Analysing cross sectional survey data using linear regression methods: A 'hands on' introduction using ESS data
By Associate Professor Odd Gåsdal
To be able to follow the instructions and solve the exercises in this topic, you need to have a copy of SPSS installed on your computer, and you should download and use the dataset 'Regression'.
It is recommended that you start with the first chapter, and then proceed chronologically. In this way, you will develop your skills gradually.
Use the menu to the left to navigate.
The main purpose of linear regression analysis is to assess associations between dependent and independent variables. In this chapter, you will learn the basic idea behind this technique. You will also learn how to create a graphic presentation of the association between two variables.
Visual inspection of regression lines may be convenient, but their steepness and direction are usually indicated by numbers rather than figures. These numbers are called regression coefficients. This chapter will teach you how to compute them.
In the preceding chapters, we assume that a straight line (or a linear function) can describe the association between variables. Linear models may not always fit the data. This chapter shows how the fit can be improved by adapting a curved regression line instead of a linear one.

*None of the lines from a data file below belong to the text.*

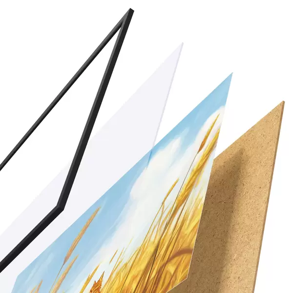 Plakát se skládá z rámu, plexiskla, tištěného obrazu a dřevotřískového podkladu. Díky úchytům na zadní straně lze plakát ihned zavěsit na zeď.
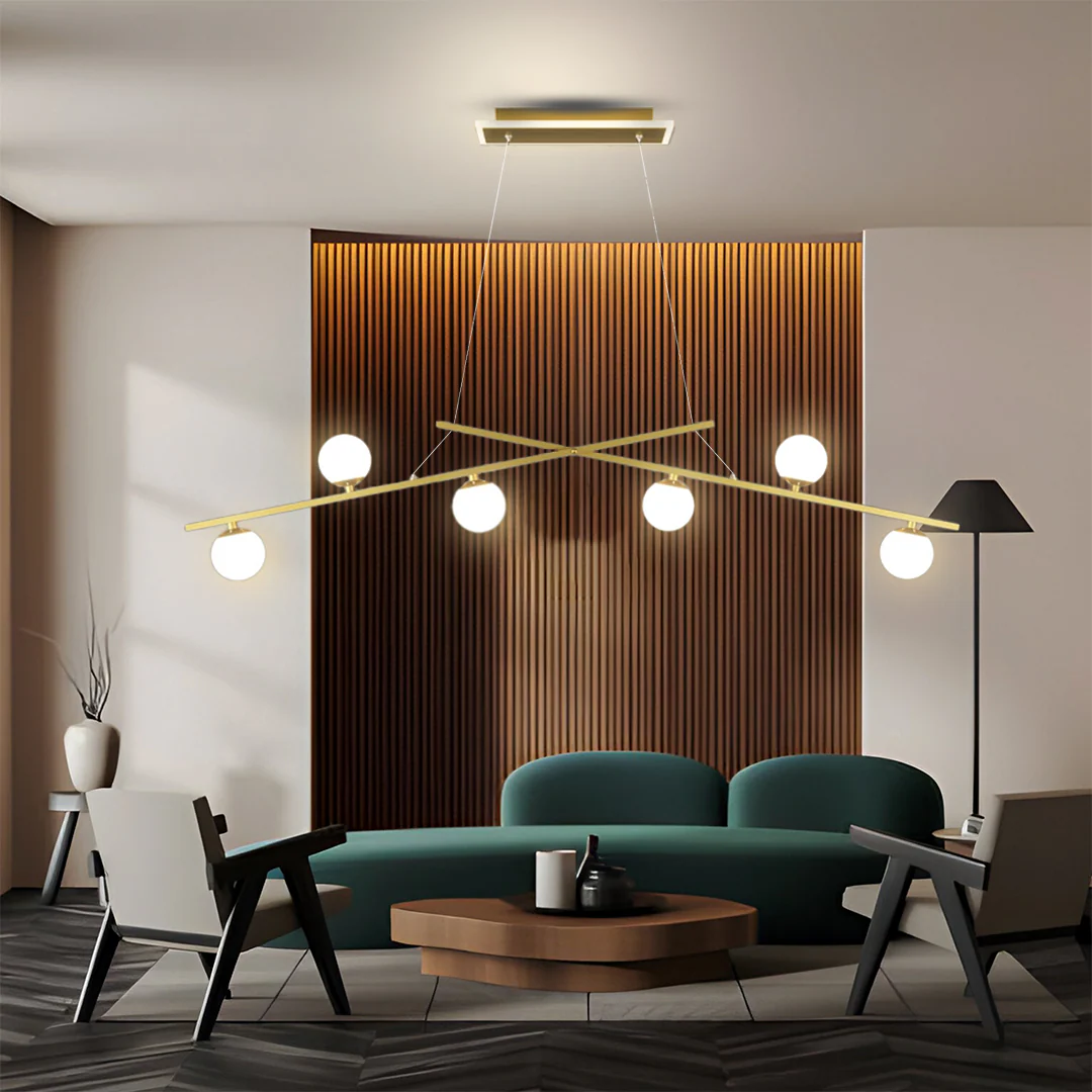 The Nora Gold LED Smart Voice Assist Chandelier features a graceful modern design with a luxurious gold finish that enhances contemporary interiors with elegant illumination.
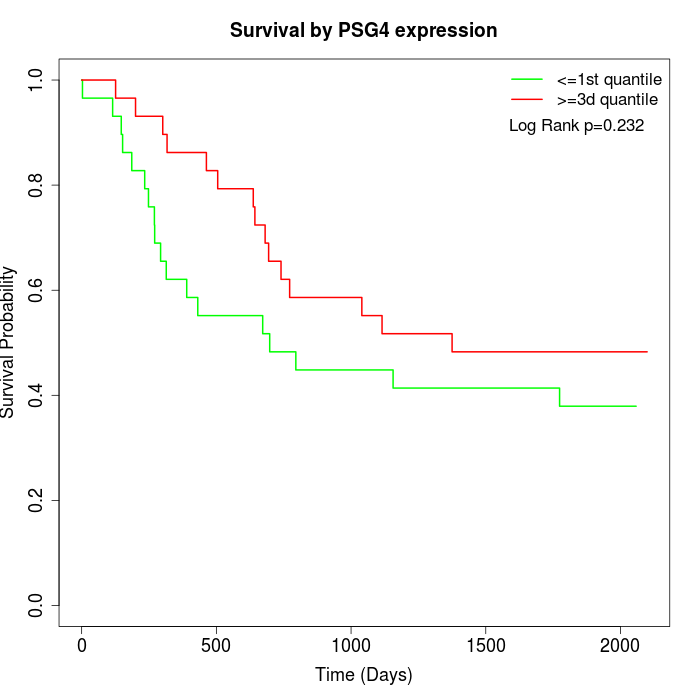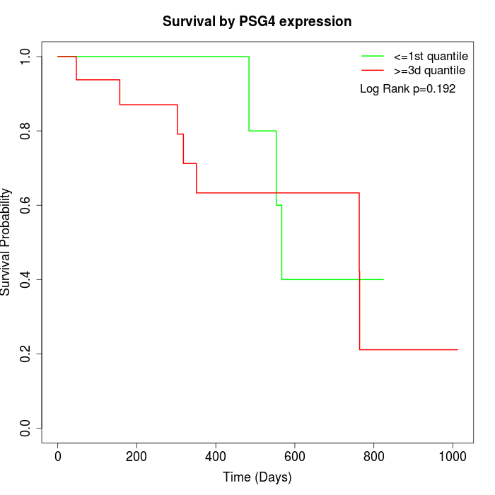 Survival by PSG4 expression:

Is it possible by analysing survey data to learn anything about those who did not participate? The answer is yes, provided that the survey was properly conducted on the basis of a random sample. In order to establish how accurate a single sample-based regression coefficient is as an estimate of the population coefficient, we need to know the size of the standard error. An estimate of the standard error is computed in a standard regression analysis, and this chapter shows how we can use this estimate to test the so-called null hypothesis about the value of the population regression coefficient.
If we wish to include ‘country’ as an independent variable in our regression analysis, we face the problem that country is not a metric variable. (Country is a nominal variable.) There is no meaningful way in which we can carry out a generally applicable numerical ranking of countries of residence. The solution is to recode the country variable into a set of dichotomous variables. This chapter explains how this can be done.
Dependent variables are always associated with more than one other variable. Some of these variables will normally be associated with each other. We cannot distinguish this common part of the association from the association that is unique to each unless we include them all in the regression analysis. Thus, multiple regression is regression analysis with more than one independent variable. This chapter provides an introduction to multiple regression using an example based on Polish data.
One of the problems we have to address if we wish to use data from several countries simultaneously in a multiple regression analysis, is that the associations between dependent and independent variables may not be constant across countries. We can deal with this problem by running separate regression analyses for each country, or by supplementing our models with so-called interaction terms. This chapter demonstrates how to perform regression analyses using interaction terms.
Linear regression analysis presupposes that the variables are metric. In surveys, a large proportion of the variables are ordinal, and often measures of attitudes. Individual measures of attitudes tend to be inaccurate because they only extract particular aspects of the general attitudes we wish to measure, or because people’s answers to single-attitude questions are plagued by random inaccuracies. Both these problems can be alleviated somewhat by combining the values of several indicator variables into scales. This chapter demonstrates how such scales can be built.